In order to discover routes to other nodes, and to optionally announce their own existence, nodes send messages of type discover-request
. The discover
function sends a discover request to its neighbors closest to the identifier key. It includes stale routes to eventually reestablish connectivity between temporarily partitioned nodes. The request includes the origin’s identity when announce-p is true, effectively announcing its existence to the receiving nodes.
A node receiving a discover request responds with a message including its identity of type discover-reply
, thereby acknowledging its existence. It then forwards the request via up to *replication*
routes to nodes closer to the request’s key identifier.
Discover requests are redundantly routed through the mesh until they reach the node closest to its target. In the process, the request initiator discovers routes to the closest node, and any node along the path the request was routed through. Storage nodes also announce themselves via discover requests, inserting themselves into the mesh by adding or updating routes to themselves. The level of redundancy is controlled by the network-global *replication*
parameter.
The structure of the mesh (see “Routes and buckets”) implies that the paths taken by discover requests are likely to be the shortest in terms of the routes available to all nodes, and the number of hops needed to reach a destination does not increase significantly with the size of the identifier space or the size of the network.

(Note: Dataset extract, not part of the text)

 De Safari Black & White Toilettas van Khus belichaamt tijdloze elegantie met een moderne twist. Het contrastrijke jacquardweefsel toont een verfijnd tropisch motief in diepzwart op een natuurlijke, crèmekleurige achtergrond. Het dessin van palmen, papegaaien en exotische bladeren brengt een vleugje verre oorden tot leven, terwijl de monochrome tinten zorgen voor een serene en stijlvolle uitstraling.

To retrieve the value associated with an identifier, nodes send messages of type get-request
. The handling node forwards the request to the node closest to the requested key it knows about unless it has no such route (meaning it is the closest node), or forwarding is explicitly forbidden (i.e. the forward-p flag is false). Once a node is unable to forward a get request, it attempts to retrieve the requested value, and, if successful, responds to the initiating node with a message of type get-reply
.
If a node can’t satisfy the request because it doesn’t have the requested value, and forward-p is true, it replicates the request, sets its forward-p flag to false, and forwards it to its neighbors closest to the value’s key. When any of the neighbors replies with the value, the node copies it into its own store before replying to the original request with the retrieved value.
The last phase represents somewhat of a failover. If a node can’t satisfy a get request, which it presumably should be able to handle, it calls out to its peers for help as a last resort. Since it will copy any value retrieved this way into its own store, this behavior has a regenerating effect. When a new node joins the mesh, for instance, its store might be empty, but it will receive the subset of get requests closest to its identifier. By calling out to the closest neighbors, of which one must have been responsible for the key before the new node entered the mesh, it will over time accumulate all the values it is responsible for.

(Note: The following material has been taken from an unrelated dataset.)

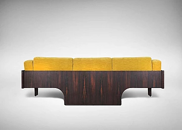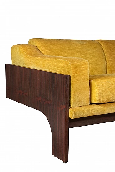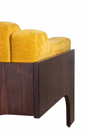 The lounge set is an original design object created in the 1970s by Claudio Salocchi (Milan, 1934-2012) for Sormani. Created in Italy in the second half of the 20th century. Made of rosewood and light yellow velvet. Armchairs: h. 68 x w. 85 x d. 85 cm - seat height: 41 cm. Sofa: h. 68 x w.195 x d. 85 cm - seat height: 41 cm. Salocchi was an Italian furniture and industrial designer and architect. He graduated in architecture from the Milan Polytechnic. Claudio Salocchi produced numerous furniture and lighting designs and, in parallel, devoted much time and effort to researching different applications of aluminium alloys, optimising furniture heights and layouts for work and home environments and using new and unfamiliar configurations that did not compromise the practicality of the piece. In 1960, Claudio Sormani designed his iconic Revolving bookcase for the Sormani furniture factory. In 1965 he set up his own design studio and in 1967 formalised what was to be a prolific collaboration with Sormani, for whom he went on to design, among others, the Palla polyurethane chair (1966), the Appogio polyurethane chair (1971), the Lia aluminium chair (1966), the Ellisse aluminium table (1967) and the Napoleon aluminium table (1973). In 1979, Salocchi was awarded the prestigious Compasso d'Oro for his work and research in the design of Metrsosistema domestic appliances with the manufacturer Alberti.
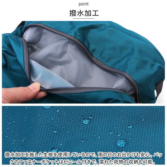 ・撥水加工を施した生地を使用しているので、雨の日のお出かけも安心。バックのファスナーポケットはビニール付きで、濡れた荷物の収納も可能。

Because of how the mesh is structured, the handling node should be in a good position to coordinate with the next closest nodes. It is more likely than any other node to have routes to any nodes that store values for keys close to its identifier.
In order to store values in the mesh, nodes send messages of type put-request
that contain the key identifier and the value to be associated with it. Put requests are forwarded through the mesh just like get requests are. Finally, the handling node records the key/value pair, and additionally replicates the requests to its neighbors closest to the key.

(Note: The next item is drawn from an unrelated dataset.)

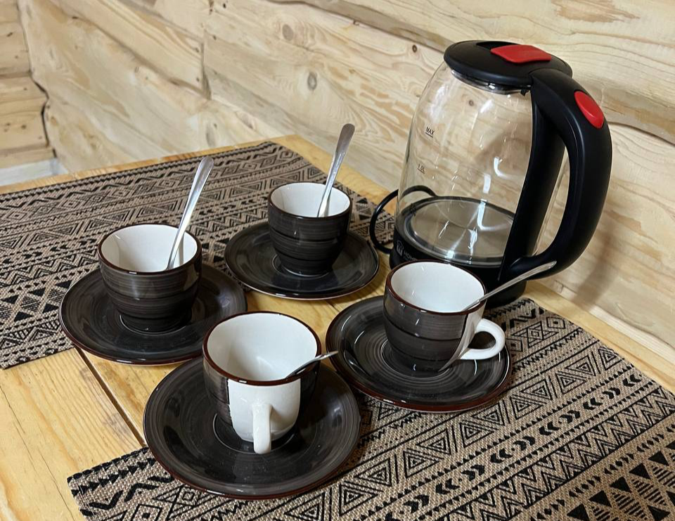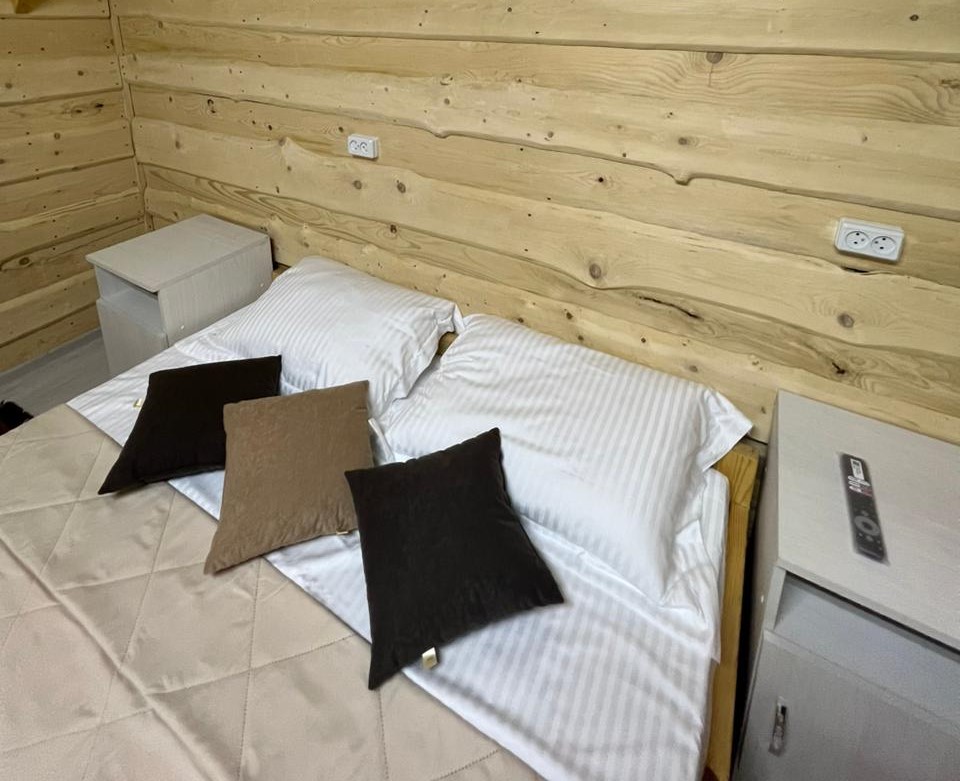 В номере: кровать двуспальная, прикроватные тумбочки, телевизор, теплый пол, чайный набор посуды, электрочайник

By forwarding copies of the request, the handling node distributes the key/value pair redundantly to its neighbors closest to the key. If all goes well, a successful put requests leaves n+1 copies of the pair in the mesh, where n = *replication*
. Just as with get requests, the handling node’s affinity to other nodes close to the key identifier ensures that it will be able to replicate the value to relevant nodes.
Finally, nodes can delete values associated with a key by issuing messages of type delete-request
. It works almost exactly like a put request, except that it removes key/value pairs from a node’s records.
Since routes become stale over time, a period of low or no traffic might leave a node without fresh routes. To avoid this situation, nodes periodically refresh buckets that are not full or contain stale routes. A bucket is refreshed by performing discover requests on a random identifier that falls within that bucket.
The function refresh-routes
performs the procedure outlined above. It accepts a boolean parameter announce-p that controls whether the calling node should announce itself to its peers.
The inner workings of refresh-routes
are a bit tricky. Remember that the first bucket contains all routes that don’t fall into any other bucket, so the first bucket spans the range of identifiers starting at distance d = 1 (the identifier at distance d = 0 is the node’s own identifier). For each bucket to refresh, we generate a random distance within its range, and attempt to discover the node with the identifier at that distance.
Remember that our distance function is unidirectional: for any identifier there exists exactly one identifier at any distance. Since our distance
function is defined as XOR, which is reversible, the following holds true
(distance
x y)
= d → (distance
x d)
= y
and we can obtain an identifier within the bucket by computing the distance between the calling node’s identifier and the distance selected at random.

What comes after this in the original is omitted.